The goal of clustering analysis is to place objects into groups that give some meaningful analysis. The idea is to get groups whose members share something in common, and different from members of other clusters.
Clustering as a concept has been around for millennia. Plato was the first to formalize the thinking with his ‘Theory of Forms” and Aristotle classified animals into groups based on their characteristics in his “History of Animals”.
Much later on Linnaeus began to cluster plants into hierarchical groups in his works “Species Plantarum” and “Systema Naturae”. He used features such as if the plants had flowers, and the number of stamen to divide them up into 24 different classes.

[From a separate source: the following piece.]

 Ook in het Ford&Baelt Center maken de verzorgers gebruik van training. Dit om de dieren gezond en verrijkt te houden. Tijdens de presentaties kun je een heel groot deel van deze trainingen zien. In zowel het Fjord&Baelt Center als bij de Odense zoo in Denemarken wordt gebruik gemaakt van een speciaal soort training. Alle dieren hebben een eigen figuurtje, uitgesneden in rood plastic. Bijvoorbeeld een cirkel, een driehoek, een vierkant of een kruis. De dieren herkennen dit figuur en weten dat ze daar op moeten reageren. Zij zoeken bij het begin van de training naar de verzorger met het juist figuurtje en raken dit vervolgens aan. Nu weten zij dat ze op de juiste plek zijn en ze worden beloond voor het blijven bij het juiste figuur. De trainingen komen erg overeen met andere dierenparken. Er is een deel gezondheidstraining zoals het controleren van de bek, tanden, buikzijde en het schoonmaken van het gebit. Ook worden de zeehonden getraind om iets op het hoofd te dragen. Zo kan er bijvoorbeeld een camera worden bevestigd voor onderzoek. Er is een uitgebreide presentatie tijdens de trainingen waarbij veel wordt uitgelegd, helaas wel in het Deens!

Brendan then explained how more recent clustering algorithms could be coded up on a computer to distinguish between different vectors of numbers. The masterclass was finished off with a live demonstration of how we could cluster runners in the 24 Hour World Championship of running, which led into thinking about some open questions in the area of clustering and classification.
Putting the methods into practice
I took the methods learnt in the masterclass and tried to apply them myself to cluster the pixels found in an image. If we think of a picture as the pixels with their red, green and blue co-ordinates plotted in a three dimensional grid, then we can cluster these into k groups and use this to compress the size of the image. Working in python I used this to cluster a picture of some of the mRes cohort.
If you would like to find more out about clustering I would recommend looking at some of Brendan’s work in the field including the book:
Bouveyron, Charles & Celeux, Gilles & Murphy, Thomas & Raftery, Adrian. (2019). Model-Based Clustering and Classification for Data Science: With Applications in R. 10.1017/9781108644181.